# How much meat will a Boer whether give us?



## Milk_Maid_5 (Feb 19, 2013)

My husband and I want to get a Boer to raise for meat. I was curious how much meat we can expect from him? Would we be better off getting a dairy cross whether?


----------



## Catahoula (Feb 12, 2013)

Boer in general has more meat but a cross could have decent meat too depending on the goat.


----------



## elchivito (Apr 18, 2010)

It's wether. 
I have no idea.


----------



## TrinityRanch (Mar 26, 2013)

I think that crosses end up being less muscular and just larger (depending, of course, on the breed it is crossed with). Boers usually give out the most meat. Dressing percentage for goats is 40% to 60% (don't quote me on that...), so it depends on your wether's weight and condition.


----------



## Curious (Feb 6, 2013)

Since Boers are bred for meat I would expect that you'd get more as opposed to a dairy cross. I think you can get around 50% after processing from liveweight from meat goats.. They also are bred to put muscle on quickly with less grain, whereas dairy is opposite, everything is supposed to go into making milk, so they are a littler slower growing. I've never raised for meat though, so I'm probably not very helpful..


----------



## lottsagoats (Dec 10, 2012)

I have only raised 1 goat for meat. That was a Numancha wether last year. He stayed on his mother until a month before he was shipped, which was 6 or seven months. I got 2 large boxes of packaged meat from him, I forgot how many pounds of meat, but when I posted it on another site, they didn't believe I got so much. I don't know, I saw it weighed so i know how much meat was in those boxes.

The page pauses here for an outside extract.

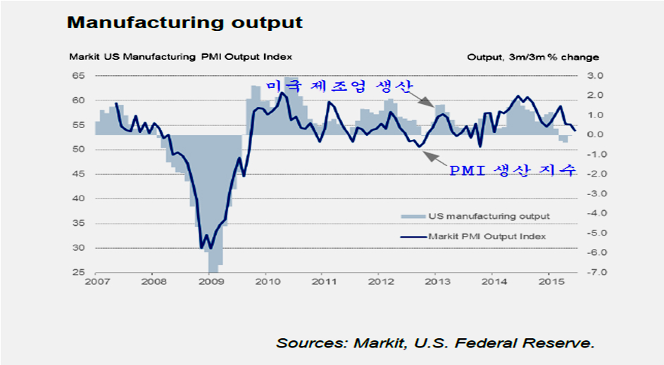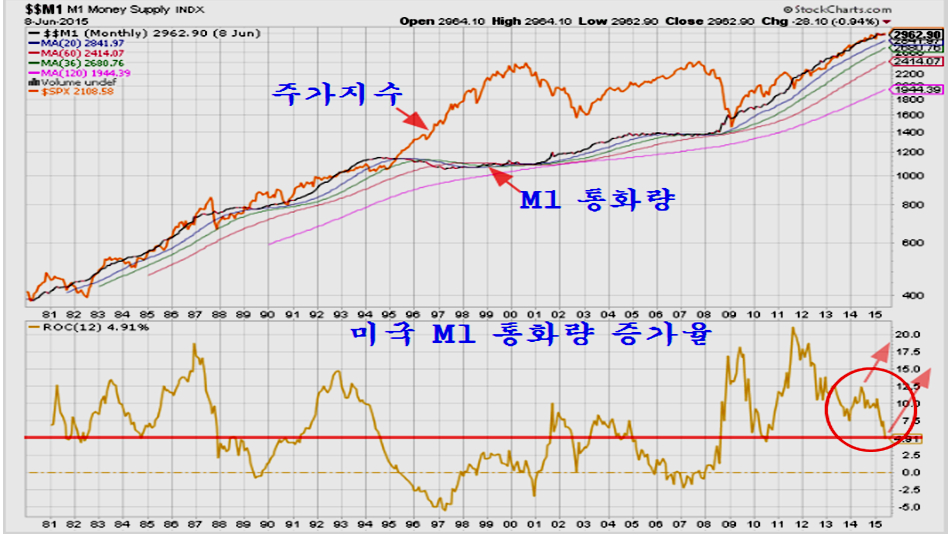 2014년 이후의 미국 M1 통화량 변화를 보면 2014년 상승 추세로 움직이던 세계 증시와 상품가격을 하락으로 유인한 데는 미국의 M1 통화량 증가율 감소와 연관이 있는 듯 하다. 특히 2015년 들어 M1 통화량은 매우 이례적으로 빠른 하락을 보이고 있어 2015년 주가와 상품 가격 상승이 억제된 이유를 설명해 준다.

I have a friend who has Boers and Boer/dairy crosses. She swears that the Boer/Nubian crosses produce more meat earlier than the Boer alone. She said she gets the Boer muscle on a faster growing dairy frame. I don't know if this is true or not, but this is how she makes her living, so I don't doubt her. I never butchered any of the Boers I used to have, I sold them all to her.


----------



## Curious (Feb 6, 2013)

That's really cool! I may just think about getting a meaty girl if that's case. I really want some BBQ goat! Hehe.


----------



## caprice (12 mo ago)

Firstly, you don't get _A_ goat. They are herd animals, they mustn't be kept in isolation.


----------



## caprice (12 mo ago)

Curious said:


> That's really cool! I may just think about getting a meaty girl if that's case. I really want some BBQ goat! Hehe.

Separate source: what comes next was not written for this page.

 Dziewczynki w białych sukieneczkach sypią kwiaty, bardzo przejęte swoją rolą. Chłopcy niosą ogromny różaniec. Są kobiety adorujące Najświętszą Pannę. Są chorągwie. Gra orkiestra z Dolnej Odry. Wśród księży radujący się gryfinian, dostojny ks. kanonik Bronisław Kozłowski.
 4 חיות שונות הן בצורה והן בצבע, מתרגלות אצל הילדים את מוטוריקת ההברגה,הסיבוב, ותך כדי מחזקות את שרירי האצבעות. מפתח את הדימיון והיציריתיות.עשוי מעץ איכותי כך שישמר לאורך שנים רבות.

Why the "hehe"? The old cottager way was to keep females to breed and the males getculled to eat. Why would you actually _choose_ to kill a female?


----------



## ksalvagno (Oct 6, 2009)

This is an old thread from 2013.


----------



## caprice (12 mo ago)

ksalvagno said:


> This is an old thread from 2013.


Ah so nobody in 2021 will want to know?


----------



## goatblessings (Jan 6, 2015)

Because you replied to the OP from 2013, the heads up is so you don’t expect a reply …


----------



## toth boer goats (Jul 20, 2008)

Feb 2015 was the last time OP posted.
So they may not answer your question unfortunately.


----------